Let’s solidify our understanding of state-value and action-value. There is going to be a bit more math in this part, so get ready! First, let’s define a new term: the mapping from states to actions is defined as the policy and is denoted as $$\pi(a \mid s)$$. Although policies can be deterministic, we are going to read $$\pi(a \mid s)$$ as “the probability of taking an action given the state”. I find that reading equations out loud in plain english helps solidify my understanding, so that’s what I’m going to do for the next few equations.

First we show the value of being in state $$s$$ by following policy $$\pi$$. It is equal to the sum of Q-values, which correspond to particular actions, multiplied by the probability of taking those actions according to policy $$\pi$$.

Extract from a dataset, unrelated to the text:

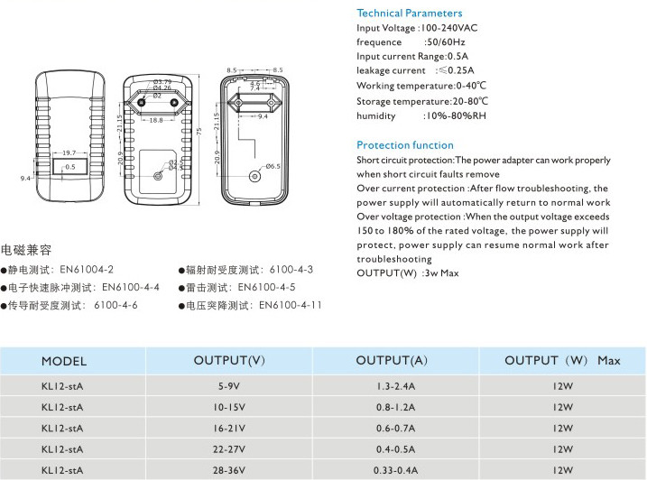 頻率:50/60Hz 輸入電流:0.5A 漏電電流:≤0.25A 工作溫度:0-40℃ 貯藏溫度:-20-80℃ 濕度:10%-80%RH 短路保護: 電源適配器在短路解除時能正常工作恢復 過流保護:過流故障排除后,電源將自動恢復正常工作 過壓保護:當輸出電壓超過額定電壓的150-180%時,電源將保護,故障排除后電源能恢復正常工作" />

$v_{\pi}(s)=\sum_{a \in \mathcal{A}}\pi(a \mid s)q_{\pi}(s,a)$

Let’s break down $$v_{\pi}(s)$$ in english:

• In any state, there are multiple actions that we can take
• We take each action according to a probability distribution
• Each action has a different value associated with it
• Thus, the value of being in a state is equal to the weighted average of the action-values, in which the weights are the probabilities of taking each action

Next we show the value of taking action $$a$$ in state $$s$$ by following policy $$\pi$$. It is equal to the expected reward from taking an action plus the discounted expected value of being in the next state.

$q_{\pi}(s,a)=\mathcal{R}_s^a + \gamma \sum_{s^\prime \in \mathcal{S}}\mathcal{P}_{ss^\prime}^{a}v_{\pi}(s^\prime)$

Let’s break down $$q_{\pi}(s,a)$$ in english:

• For any action an agent takes, it receives a reward
• When an agent takes an action, it can end up in a different state
• Image if your action was to move to the right - your agent is now in a new state
• Sometimes environments have randomness embedded in them
• Imagine if you try to move to the right, but wind pushes you back and you end up to the left of your original position
• Thus, by taking an action in a given state, there is a probability that the agent will end up in various new states
• As a result, the value of taking an action in a given state is equal to the immediate reward from taking that action plus the weighted average of state-values for the next state multiplied by a discount factor.
• The weights are the probabilities of ending up in the next states.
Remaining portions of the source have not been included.